== Segment start ==
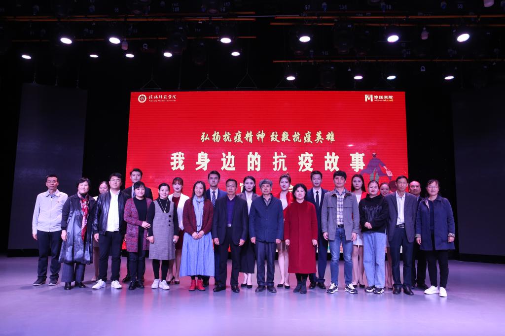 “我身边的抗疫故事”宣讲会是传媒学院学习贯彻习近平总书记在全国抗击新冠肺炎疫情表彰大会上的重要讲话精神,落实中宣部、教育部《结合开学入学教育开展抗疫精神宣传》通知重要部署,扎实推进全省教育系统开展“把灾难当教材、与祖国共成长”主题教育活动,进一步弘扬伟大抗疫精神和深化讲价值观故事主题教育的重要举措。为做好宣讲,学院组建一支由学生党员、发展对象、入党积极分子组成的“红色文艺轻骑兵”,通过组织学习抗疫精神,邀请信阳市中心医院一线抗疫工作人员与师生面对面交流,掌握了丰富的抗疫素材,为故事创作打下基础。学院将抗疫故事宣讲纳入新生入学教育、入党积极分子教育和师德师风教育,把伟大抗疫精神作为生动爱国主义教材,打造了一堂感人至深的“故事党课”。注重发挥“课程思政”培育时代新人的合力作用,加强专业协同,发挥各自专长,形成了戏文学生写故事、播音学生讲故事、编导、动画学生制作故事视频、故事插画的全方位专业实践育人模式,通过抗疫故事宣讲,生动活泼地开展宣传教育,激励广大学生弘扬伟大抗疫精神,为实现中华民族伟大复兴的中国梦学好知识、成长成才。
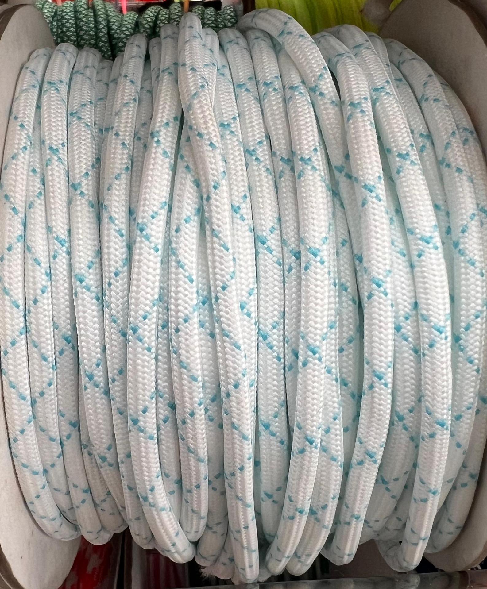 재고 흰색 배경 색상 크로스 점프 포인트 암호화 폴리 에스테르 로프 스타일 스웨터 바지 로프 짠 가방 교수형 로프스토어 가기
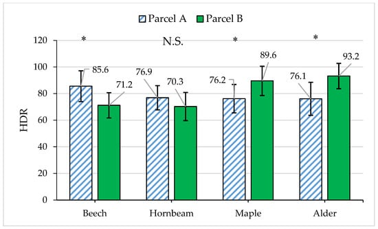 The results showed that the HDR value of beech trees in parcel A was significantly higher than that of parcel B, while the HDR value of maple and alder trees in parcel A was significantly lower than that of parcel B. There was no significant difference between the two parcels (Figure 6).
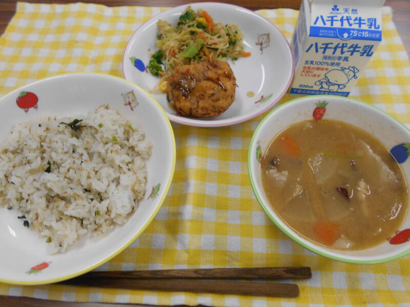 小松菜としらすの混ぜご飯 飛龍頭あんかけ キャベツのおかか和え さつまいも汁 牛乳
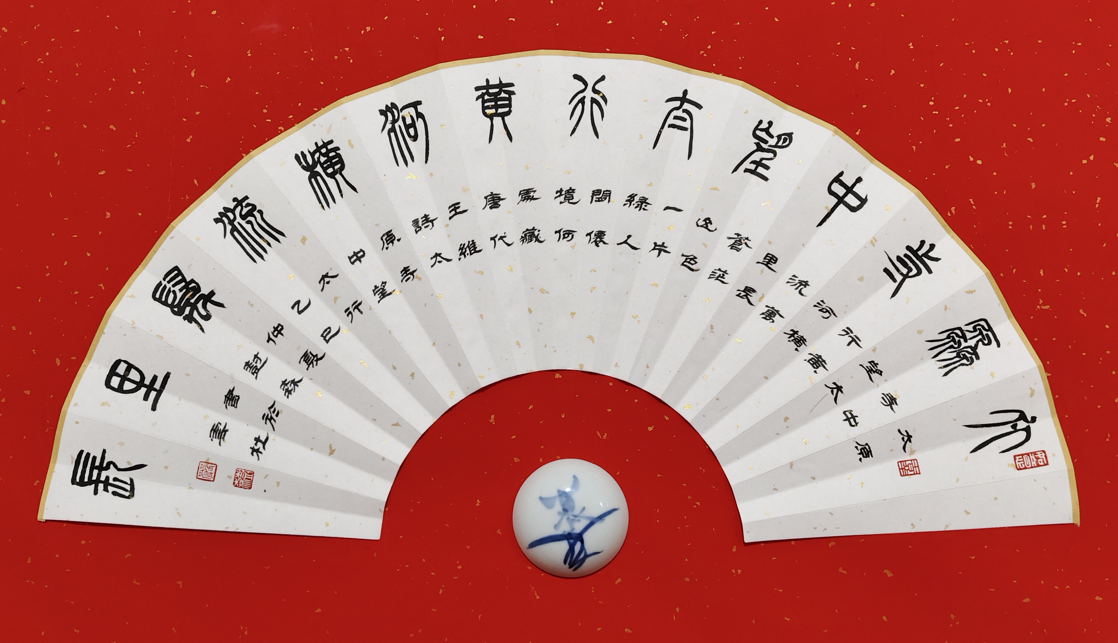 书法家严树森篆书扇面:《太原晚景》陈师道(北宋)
== Segment end ==
◆ **Required action**
Without changing a word, restate the listing above; the pictures stay out.

◆ **Task response**
 “我身边的抗疫故事”宣讲会是传媒学院学习贯彻习近平总书记在全国抗击新冠肺炎疫情表彰大会上的重要讲话精神,落实中宣部、教育部《结合开学入学教育开展抗疫精神宣传》通知重要部署,扎实推进全省教育系统开展“把灾难当教材、与祖国共成长”主题教育活动,进一步弘扬伟大抗疫精神和深化讲价值观故事主题教育的重要举措。为做好宣讲,学院组建一支由学生党员、发展对象、入党积极分子组成的“红色文艺轻骑兵”,通过组织学习抗疫精神,邀请信阳市中心医院一线抗疫工作人员与师生面对面交流,掌握了丰富的抗疫素材,为故事创作打下基础。学院将抗疫故事宣讲纳入新生入学教育、入党积极分子教育和师德师风教育,把伟大抗疫精神作为生动爱国主义教材,打造了一堂感人至深的“故事党课”。注重发挥“课程思政”培育时代新人的合力作用,加强专业协同,发挥各自专长,形成了戏文学生写故事、播音学生讲故事、编导、动画学生制作故事视频、故事插画的全方位专业实践育人模式,通过抗疫故事宣讲,生动活泼地开展宣传教育,激励广大学生弘扬伟大抗疫精神,为实现中华民族伟大复兴的中国梦学好知识、成长成才。
 재고 흰색 배경 색상 크로스 점프 포인트 암호화 폴리 에스테르 로프 스타일 스웨터 바지 로프 짠 가방 교수형 로프스토어 가기
 The results showed that the HDR value of beech trees in parcel A was significantly higher than that of parcel B, while the HDR value of maple and alder trees in parcel A was significantly lower than that of parcel B. There was no significant difference between the two parcels (Figure 6).
 小松菜としらすの混ぜご飯 飛龍頭あんかけ キャベツのおかか和え さつまいも汁 牛乳
 书法家严树森篆书扇面:《太原晚景》陈师道(北宋)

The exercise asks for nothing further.